Gao J, Zhang C, Yang B, Sun L, Zhang C, Westerfield M, Peng G - PLoS ONE (2012)

Bottom Line: We found that ADt axons normally project ventrally.We found that individual ADt neurons projected axons dorsally or formed multiple processes after morpholino knock down of Dcc function.We further found that knock down of the Dcc ligand, Netrin1, also caused ADt neurons to project axons dorsally.

View Article: PubMed Central - PubMed

Affiliation: Institutes of Brain Science and State Key Laboratory of Medical Neurobiology, Fudan University, Shanghai, China.

ABSTRACT
The guidance receptor DCC (deleted in colorectal cancer) ortholog UNC-40 regulates neuronal asymmetry development in Caenorhabditis elegans, but it is not known whether DCC plays a role in the specification of neuronal polarity in vertebrates. To examine the roles of DCC in neuronal asymmetry regulation in vertebrates, we studied zebrafish anterior dorsal telencephalon (ADt) neuronal axons. We generated transgenic zebrafish animals expressing the photo-convertible fluorescent protein Kaede in ADt neurons and then photo-converted Kaede to label specifically the ADt neuron axons. We found that ADt axons normally project ventrally. Knock down of Dcc function by injecting antisense morpholino oligonucleotides caused the ADt neurons to project axons dorsally. To examine the axon projection pattern of individual ADt neurons, we labeled single ADt neurons using a forebrain-specific promoter to drive fluorescent protein expression.
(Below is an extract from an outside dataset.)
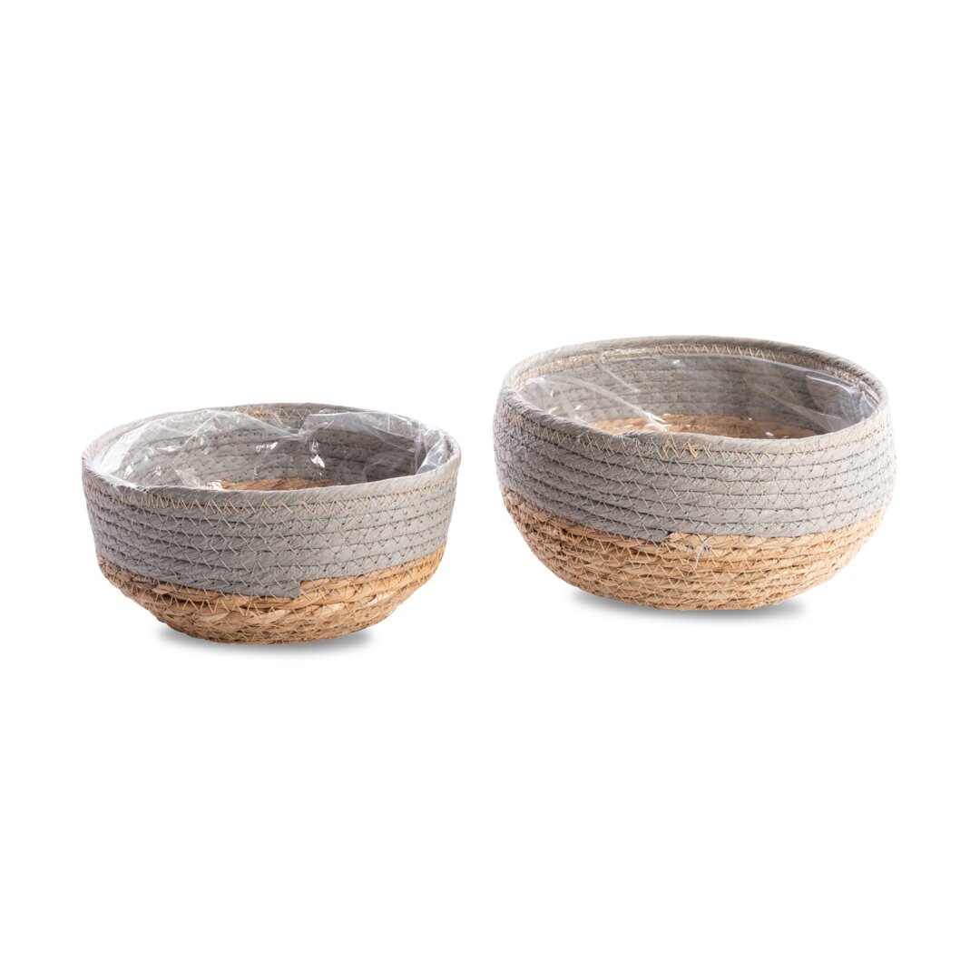 Seegras-Pflanzkorb, rund, grau-natur, 2er Set

We found that individual ADt neurons projected axons dorsally or formed multiple processes after morpholino knock down of Dcc function. We further found that knock down of the Dcc ligand, Netrin1, also caused ADt neurons to project axons dorsally. Knockdown of Neogenin1, a guidance receptor closely related to Dcc, enhanced the formation of aberrant dorsal axons in embryos injected with Dcc morpholino. These experiments provide the first evidence that Dcc regulates polarized axon initiation and asymmetric outgrowth of forebrain neurons in vertebrates.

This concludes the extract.